EXERCISE INSTRUCTIONS =
Once you find the line with "Ventilador de caja" in the data below, transcribe exactly each line from there to the line with "Li-Ion 2 Ач |", inclusive, and nothing else. Drop the pictures.

Collection entries:
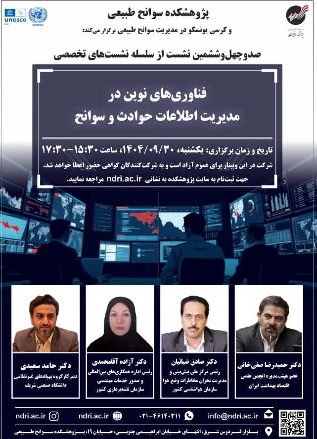 نشست فن آوری نوین در مدیریت اطلاعات حوادث وسوانح ۳۰ آذر ۱۴۰۴ | ۱۲:۰۴ کد : ۵۷۱۴۹ اطلاعیه ارسال به دیگران نام شما ایمیل شما ایمیل دریافتکننده ارسال انصراف تعداد بازدید:۷۸ دعوتنامه نشست فن آوری نوین در مدیریت اطلاعات حوادث وسوانح
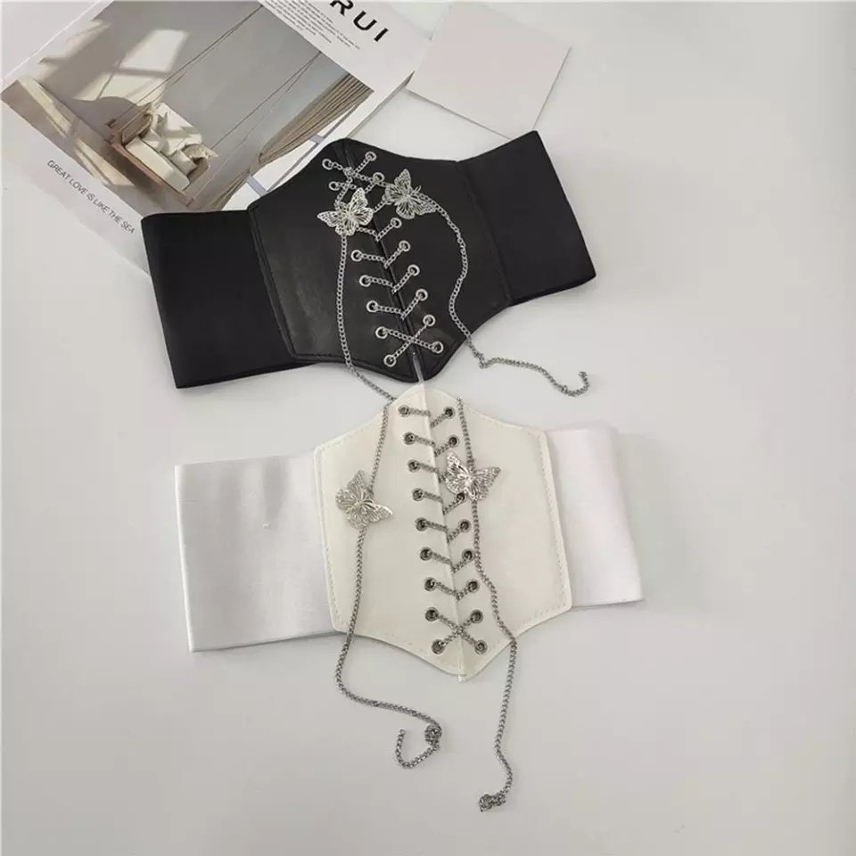 Belt Korset Sabuk Wanita Rantai Kupu Gotik Ikat Pinggang Renda Bustier
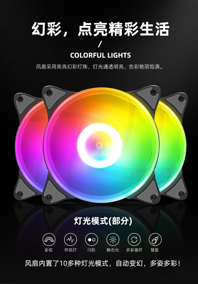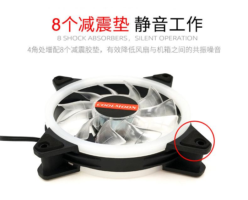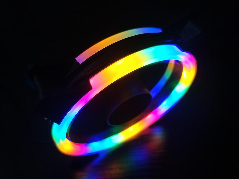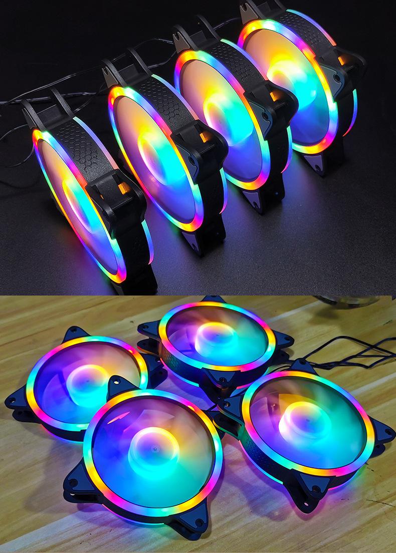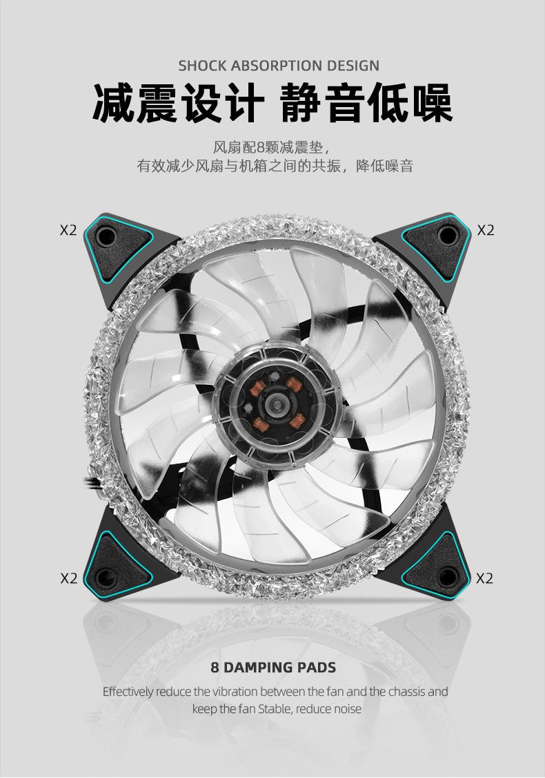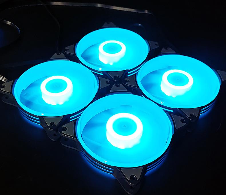 Ventilador de caja de 12 cm con doble apertura, que utiliza perlas de lámpara LED de alto brillo y larga vida útil (los equivalentes en el mercado son básicamente de brillo medio-bajo y perlas de lámpara de vida útil ordinaria), con 8 almohadillas amortiguadoras, utilizando un motor de alta calidad y aspas de gran flujo de aire, lo que hace que el ventilador sea fresco, silencioso y más duradero! [Ventas directas de fábrica, bienvenido a comprar, descuentos por cantidad disponibles] Nota: Debido a diferentes lotes, los colores de las aspas se envían aleatoriamente!
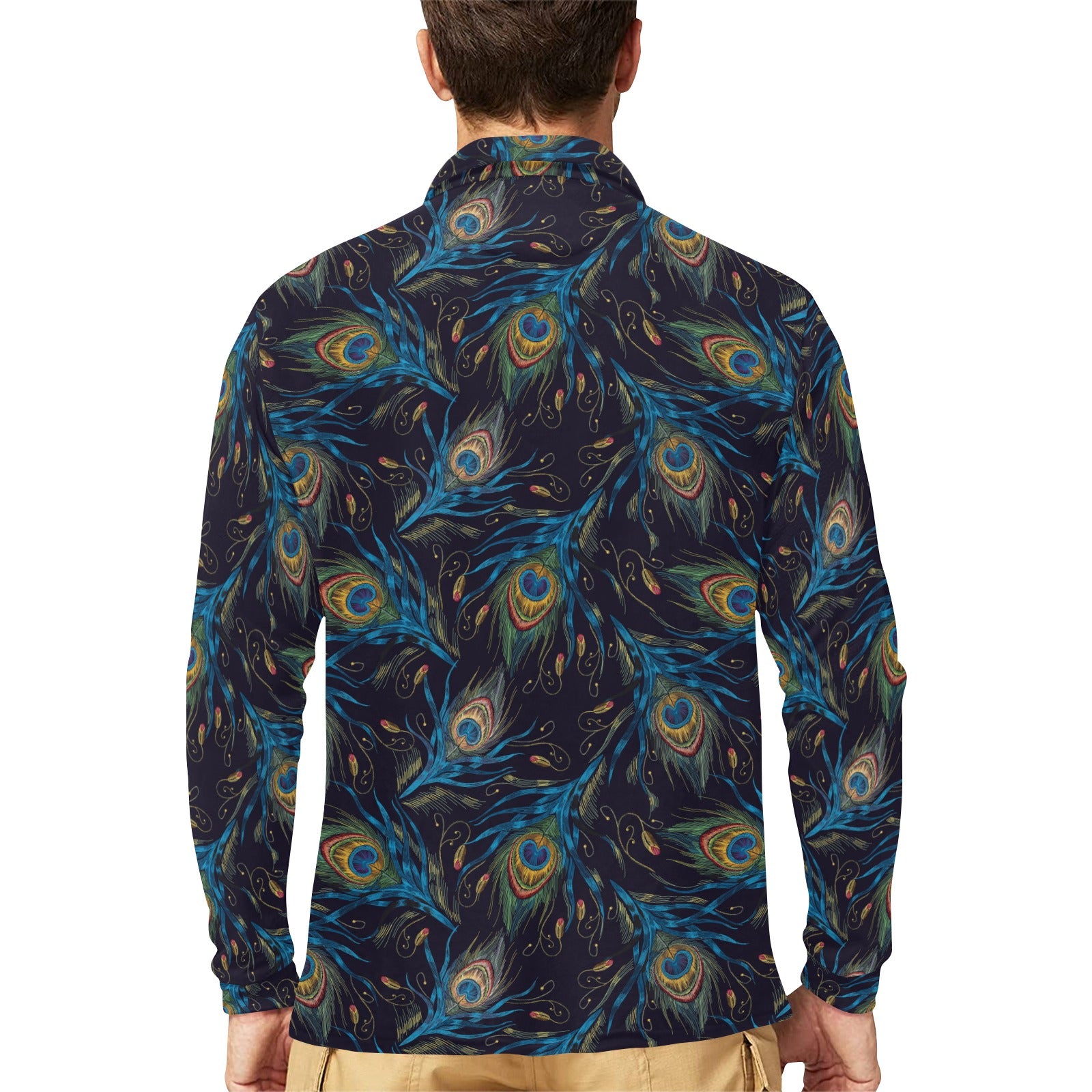 Beautiful peacock feather pattern Men's Long Sleeve Polo Shirt
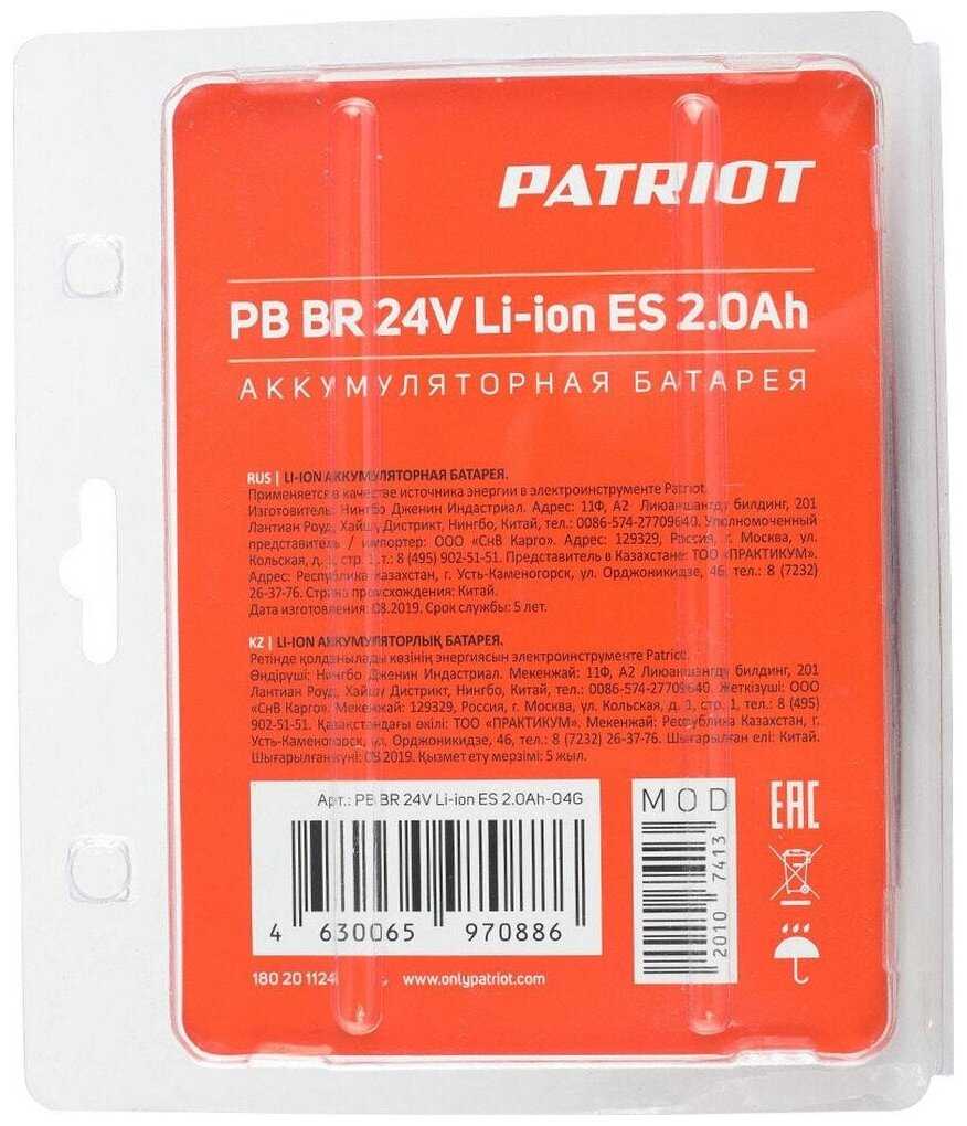 | Дополнительная информация : | Аккумулятор Patriot PB BR 24V Li-ion, 24 В Li-Ion 2 Ач |
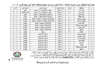 وفي مدينة السادس من أكتوبر استطاع حزب الحرية والعدالة توفير مئات الوظائف للشباب الراغبين بالعمل، وتم عمل إعلان تم توزيعه وتعليقه بمعظم أرجاء المدينة يضم الوظائف المطلوبة وعدد ساعات العمل وكذلك الراتب ومكان العمل.

SOLVED EXERCISE =
 Ventilador de caja de 12 cm con doble apertura, que utiliza perlas de lámpara LED de alto brillo y larga vida útil (los equivalentes en el mercado son básicamente de brillo medio-bajo y perlas de lámpara de vida útil ordinaria), con 8 almohadillas amortiguadoras, utilizando un motor de alta calidad y aspas de gran flujo de aire, lo que hace que el ventilador sea fresco, silencioso y más duradero! [Ventas directas de fábrica, bienvenido a comprar, descuentos por cantidad disponibles] Nota: Debido a diferentes lotes, los colores de las aspas se envían aleatoriamente!
 Beautiful peacock feather pattern Men's Long Sleeve Polo Shirt
 | Дополнительная информация : | Аккумулятор Patriot PB BR 24V Li-ion, 24 В Li-Ion 2 Ач |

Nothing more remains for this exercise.